======== DATASET EXTRACT ========

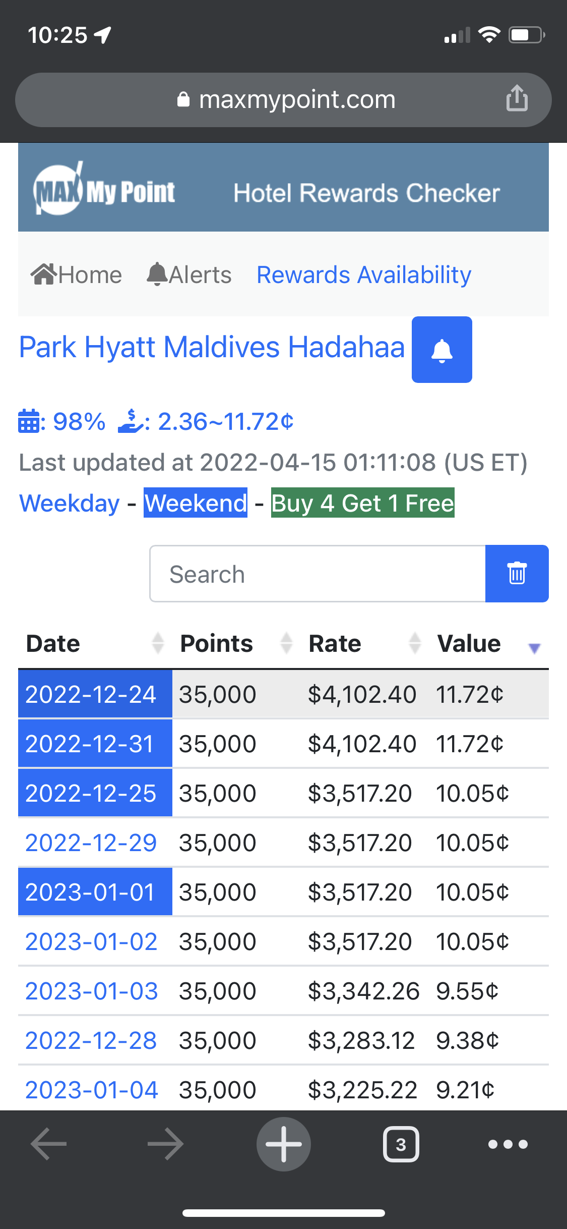 很多Max Point Value排很高的酒店旺季availability很差或者淡季point value下限很低,能不能推出一个Median Point Value的排序?个人觉得会更适用一些
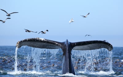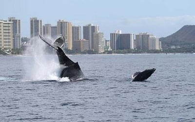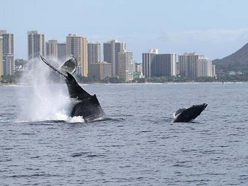 Cruise Oahu waters to see humpback whales with expert guides during peak December–April season.
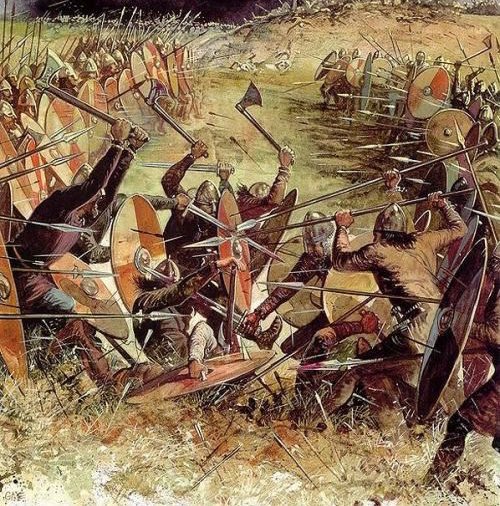 The Vikings divided their army into two contingents. One was led by kings Bagsecg and Halfdan, and the other was led by the Vikings earls.
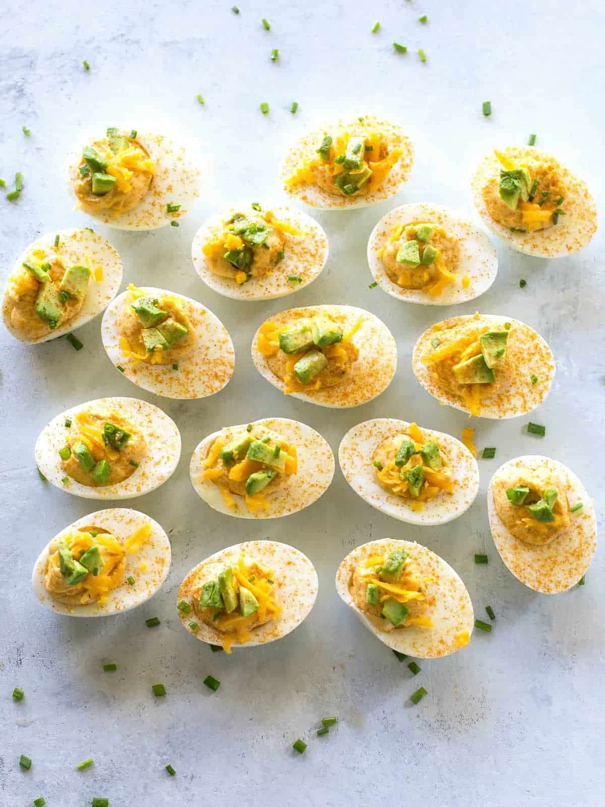 - Top with finely diced avocado and chives. Using a strainer add the remaining 1/2 teaspoon of taco seasoning and very lightly dust the eggs with it. Refrigerate until serving.
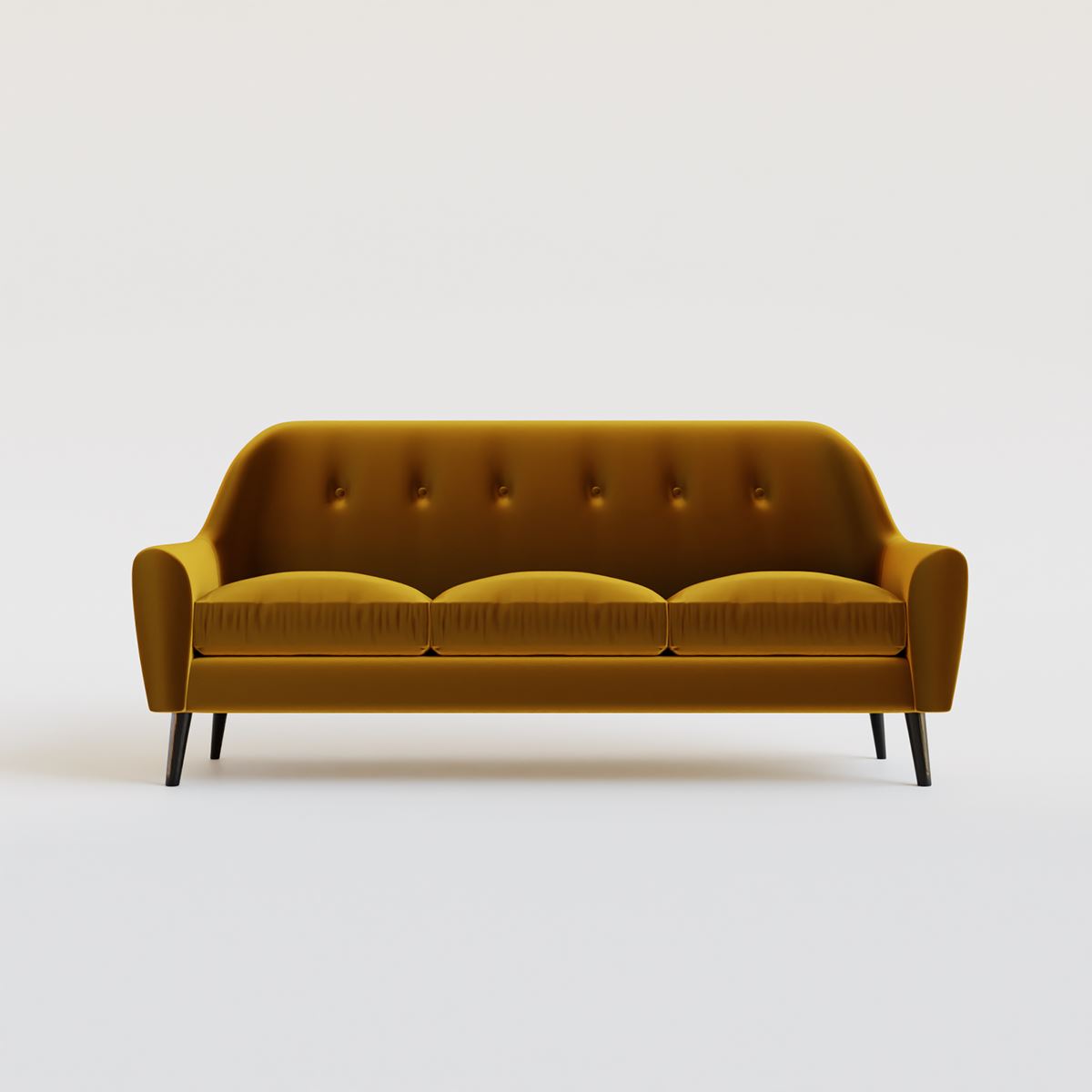 Ce magnifique canapé inspiré des années 1950 a tout pour plaire : un magnifique tissu en velours vert, une forme incurvée douce, des pieds joliment tournés, des coussins confortables et un joli dossier boutonné. Les proportions de ce canapé lui confèrent une ambiance chaleureuse et décontractée, mais avec beaucoup de style. Le dossier plus haut permet de reposer facilement votre tête et les accoudoirs bas sont parfaits si vous souhaitez vous étirer. Ce canapé fait main est conçu pour injecter des doses égales de douceur et de confort directement dans votre salon !
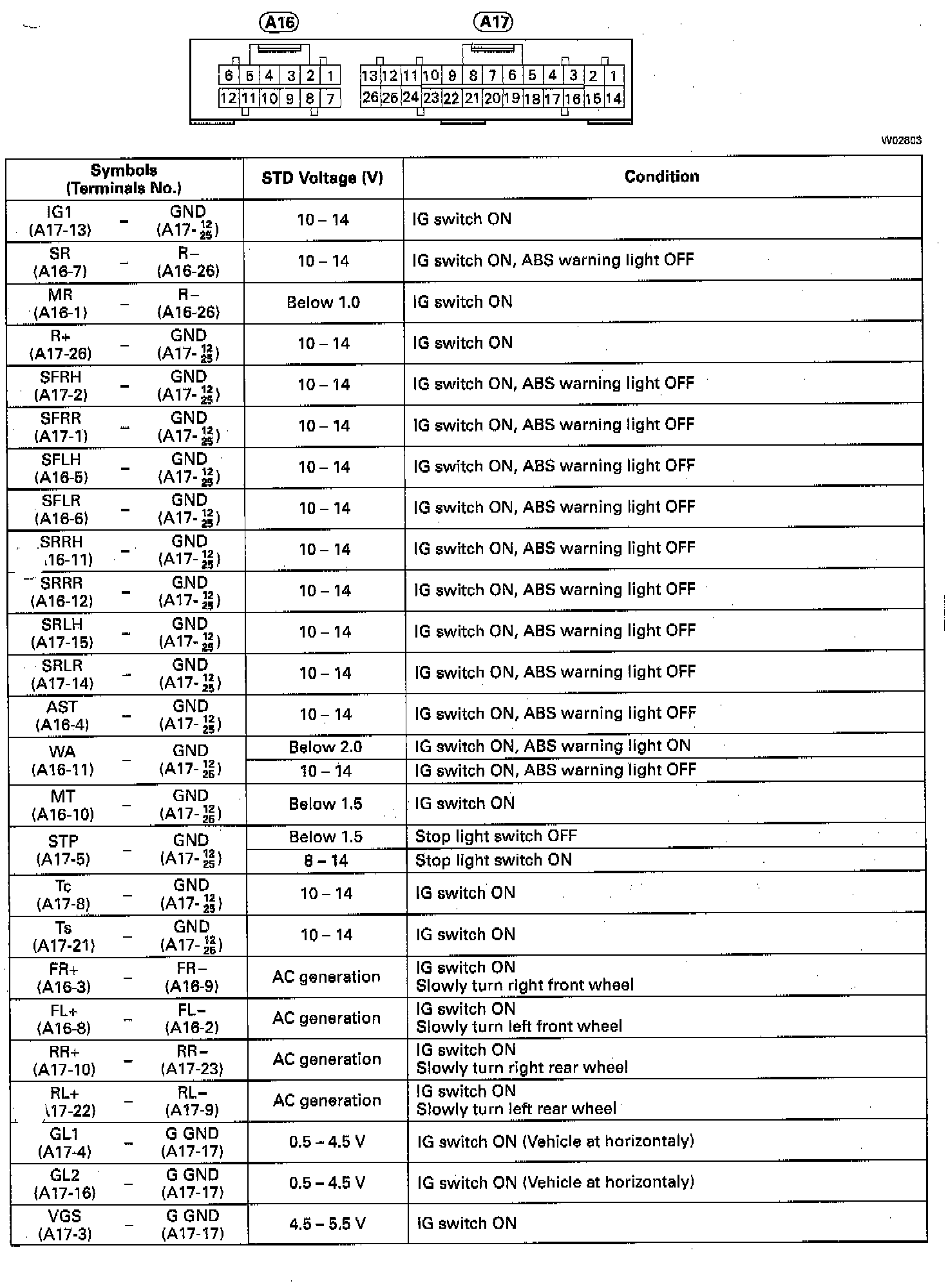 Standard Value Of ECU Terminals: 4WD 2 Door Models:
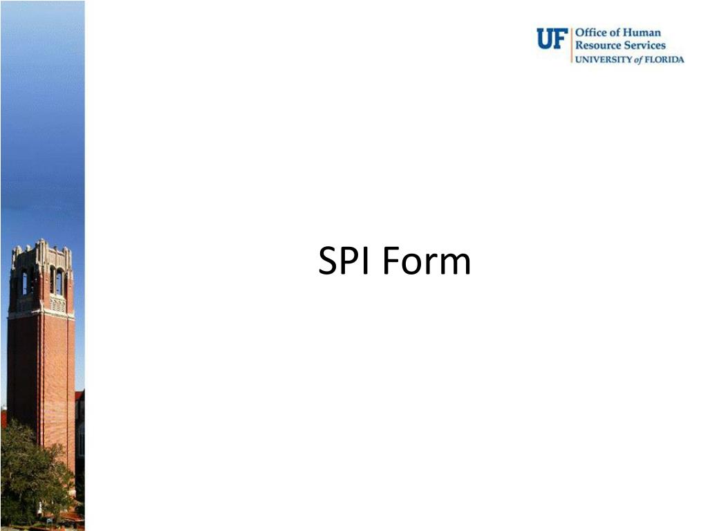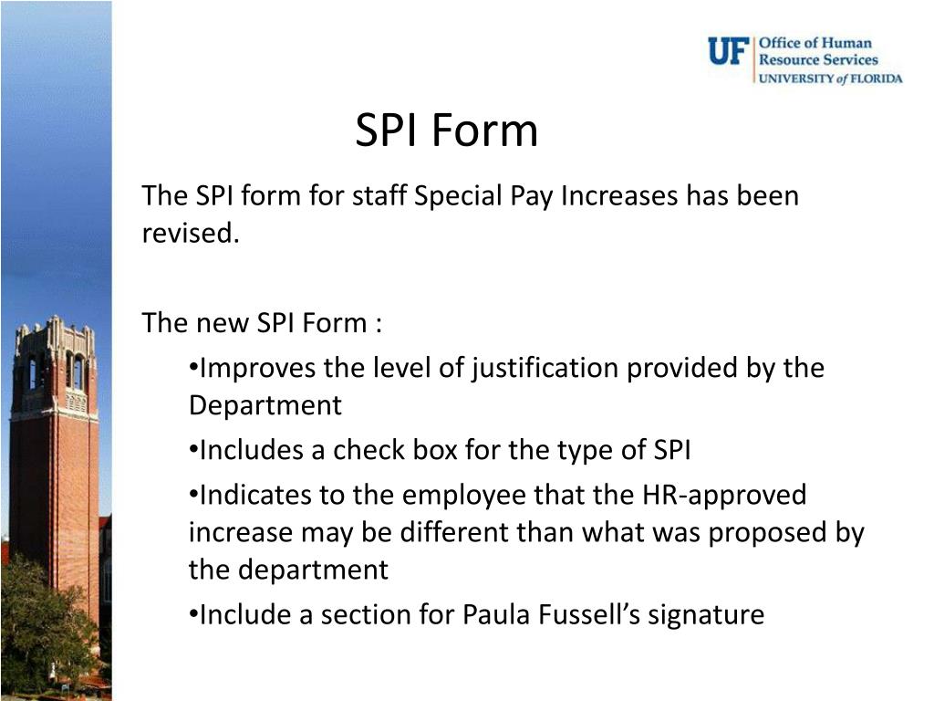 SPI Form The SPI form for staff Special Pay Increases has been revised. The new SPI Form : Improves the level of justification provided by the Department Includes a check box for the type of SPI Indicates to the employee that the HR-approved increase may be different than what was proposed by the department Include a section for Paula Fussell’s signature

========

• WHAT YOU NEED TO DO
With the pictures removed, return all the entries exactly.

• RESULT BELOW
 很多Max Point Value排很高的酒店旺季availability很差或者淡季point value下限很低,能不能推出一个Median Point Value的排序?个人觉得会更适用一些
 Cruise Oahu waters to see humpback whales with expert guides during peak December–April season.
 The Vikings divided their army into two contingents. One was led by kings Bagsecg and Halfdan, and the other was led by the Vikings earls.
 - Top with finely diced avocado and chives. Using a strainer add the remaining 1/2 teaspoon of taco seasoning and very lightly dust the eggs with it. Refrigerate until serving.
 Ce magnifique canapé inspiré des années 1950 a tout pour plaire : un magnifique tissu en velours vert, une forme incurvée douce, des pieds joliment tournés, des coussins confortables et un joli dossier boutonné. Les proportions de ce canapé lui confèrent une ambiance chaleureuse et décontractée, mais avec beaucoup de style. Le dossier plus haut permet de reposer facilement votre tête et les accoudoirs bas sont parfaits si vous souhaitez vous étirer. Ce canapé fait main est conçu pour injecter des doses égales de douceur et de confort directement dans votre salon !
 Standard Value Of ECU Terminals: 4WD 2 Door Models:
 SPI Form The SPI form for staff Special Pay Increases has been revised. The new SPI Form : Improves the level of justification provided by the Department Includes a check box for the type of SPI Indicates to the employee that the HR-approved increase may be different than what was proposed by the department Include a section for Paula Fussell’s signature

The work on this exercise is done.